The London Stock Exchange’s March 3 disclosure raised fears that Her Majesty’s Revenue and Customs, the U.K. tax authority, is using it more aggressively than originally planned. However, while the first part targets the corporate structures of foreign multinationals, the second part of the DPT laws focuses on U.K. multinationals as much as their overseas peers.
“Looking at the big picture, it does potentially include a lot of U.K. multinationals,” Malcolm Joy, a London-based tax partner at BDO, told Bloomberg BNA May 12. “People are fearful of DPT, and part of the reason why is that it’s new, and there’s so much room for interpretation on how it would apply.”
U.K. Tax Structures
The guidance from Her Majesty’s Revenue and Customs, or HMRC, on the DPT says that “many cases” will relate to the tax planning of non-U.K. companies. Yet it also warns that “wholly domestic structures” may also apply if companies secure a U.K. tax deduction.
While the first part of the DPT laws focus on whether foreign companies are avoiding a taxable U.K. presence, the second part targets arrangements or transactions that lack economic substance. These structures deliberately exploit tax mismatches and can reduce companies’ U.K. and overseas taxes.
Any U.K. multinational or a U.K. subsidiary of a foreign multinational suspected of diverting profits through these mis-matched structures will face a test to prove that the arrangements differ in “some material way” to tax planning that doesn’t attempt to avoid taxes, according to HMRC’s guidance.
The DPT’s tests are “very complex” with parts that are “subjective,” according to PwC. The economic substance test “is of particular concern because it narrowly focuses on activities and functions.”
Taxable Presence
Relating to the first part of the DPT, the U.K.’s efforts to crack down on foreign companies avoiding a taxable presence—known as a permanent establishment—overlaps with efforts from the OECD and Group of 20 countries to combat tax avoidance strategies used by multinationals.
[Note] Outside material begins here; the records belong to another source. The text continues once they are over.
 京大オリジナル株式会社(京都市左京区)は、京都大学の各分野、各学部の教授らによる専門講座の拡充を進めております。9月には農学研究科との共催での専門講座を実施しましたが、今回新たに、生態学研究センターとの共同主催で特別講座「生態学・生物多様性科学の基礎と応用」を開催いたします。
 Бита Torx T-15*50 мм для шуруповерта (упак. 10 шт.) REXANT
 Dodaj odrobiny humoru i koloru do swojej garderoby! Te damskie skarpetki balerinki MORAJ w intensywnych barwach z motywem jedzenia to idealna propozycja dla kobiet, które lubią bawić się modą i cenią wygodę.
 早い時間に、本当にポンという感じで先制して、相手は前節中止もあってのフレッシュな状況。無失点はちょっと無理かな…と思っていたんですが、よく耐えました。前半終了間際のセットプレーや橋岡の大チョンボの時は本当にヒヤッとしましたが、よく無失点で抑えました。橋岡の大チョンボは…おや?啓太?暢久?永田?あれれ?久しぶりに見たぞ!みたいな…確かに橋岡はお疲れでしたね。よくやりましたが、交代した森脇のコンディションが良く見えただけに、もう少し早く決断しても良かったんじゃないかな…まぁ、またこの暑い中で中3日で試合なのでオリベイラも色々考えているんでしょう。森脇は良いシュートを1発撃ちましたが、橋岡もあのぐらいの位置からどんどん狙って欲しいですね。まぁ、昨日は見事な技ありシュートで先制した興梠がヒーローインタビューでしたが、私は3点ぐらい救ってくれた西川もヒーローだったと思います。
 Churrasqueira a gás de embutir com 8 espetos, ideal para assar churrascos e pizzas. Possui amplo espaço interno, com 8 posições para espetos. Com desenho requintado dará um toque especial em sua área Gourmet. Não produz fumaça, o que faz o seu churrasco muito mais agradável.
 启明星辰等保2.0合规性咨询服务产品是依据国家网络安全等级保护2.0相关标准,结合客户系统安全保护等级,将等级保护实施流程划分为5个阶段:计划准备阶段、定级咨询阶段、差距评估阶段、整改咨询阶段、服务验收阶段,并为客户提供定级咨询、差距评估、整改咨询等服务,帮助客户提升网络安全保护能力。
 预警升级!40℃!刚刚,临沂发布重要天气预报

Because it has the DPT, though, the U.K. has chosen not to adopt the OECD’s wider definition of a PE, a move that risked upsetting countries that had already signed up for the policy. Since then, Australia has adopted a similar measure based on the U.K.’s diverted profits tax with a higher penalty rate at 40 percent.
According to BDO’s Joy, former Chancellor George Osborne’s move to announce the U.K.’s DPT in December 2014 “raised eyebrows,” as it went against the collaborative nature of the OECD’s 15-point Action Plan on Base Erosion and Profit Shifting from multinational companies.
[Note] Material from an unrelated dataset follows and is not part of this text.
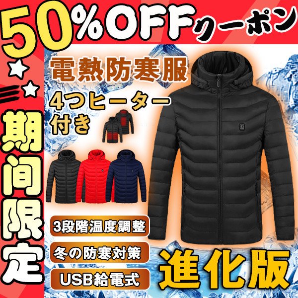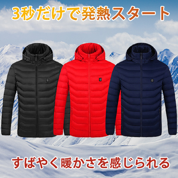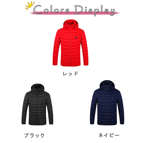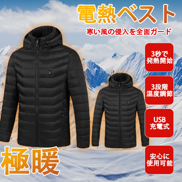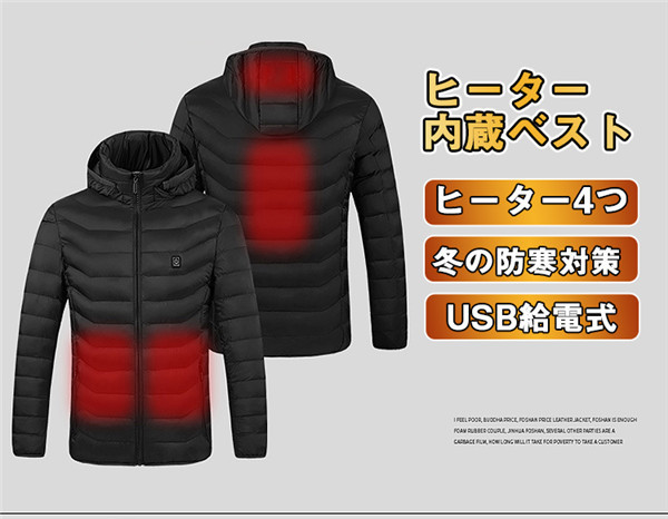 電熱ジャケット ヒーター 男女兼用 ヒーター4つ ダウンジャケット 加熱 中綿 メンズ レディース フード付き 内蔵 3段階 温度調整 USB 暖かい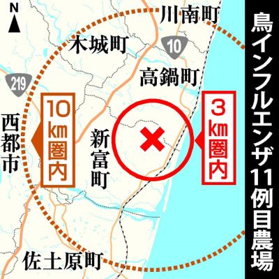 新富鳥フル、疑似患畜 今季11例目、24万羽殺処分開始

U.K. multinationals “will be doing a DPT review to see what arrangements they have and what could be attacked” by HMRC, he told Bloomberg BNA. “If the Revenue comes along and says to a company that they will issue a notice” on DPT, “the cards are obviously stacked in their favor.”
Diageo to Dispute
Diageo, the world’s biggest distiller, said May 10 it “does not believe” it falls in scope of the DPT. To challenge HMRC’s assessment, the company will have to pay the assessed total and then work with the tax authority to resolve the issue. The company has made “no provision” for the tax, it added.
A spokeswoman for Diageo declined to comment further on the company’s May 10 statement.
A spokeswoman for the London Stock Exchange declined to comment further or provide an update on the company’s March 3 full-year results.
In a May 12 emailed statement, a spokesman for HMRC said DPT is “designed to encourage large companies to change behaviors that are aimed at minimizing their tax liabilities, or they will face paying tax at a higher tax rate.” The DPT “isn’t targeted at specific sectors or companies.”
“When it first came in, HMRC and the Treasury said we don’t want people to pay and we just want companies to change behavior,” Nicholls told Bloomberg BNA. “Now that seems to have changed.”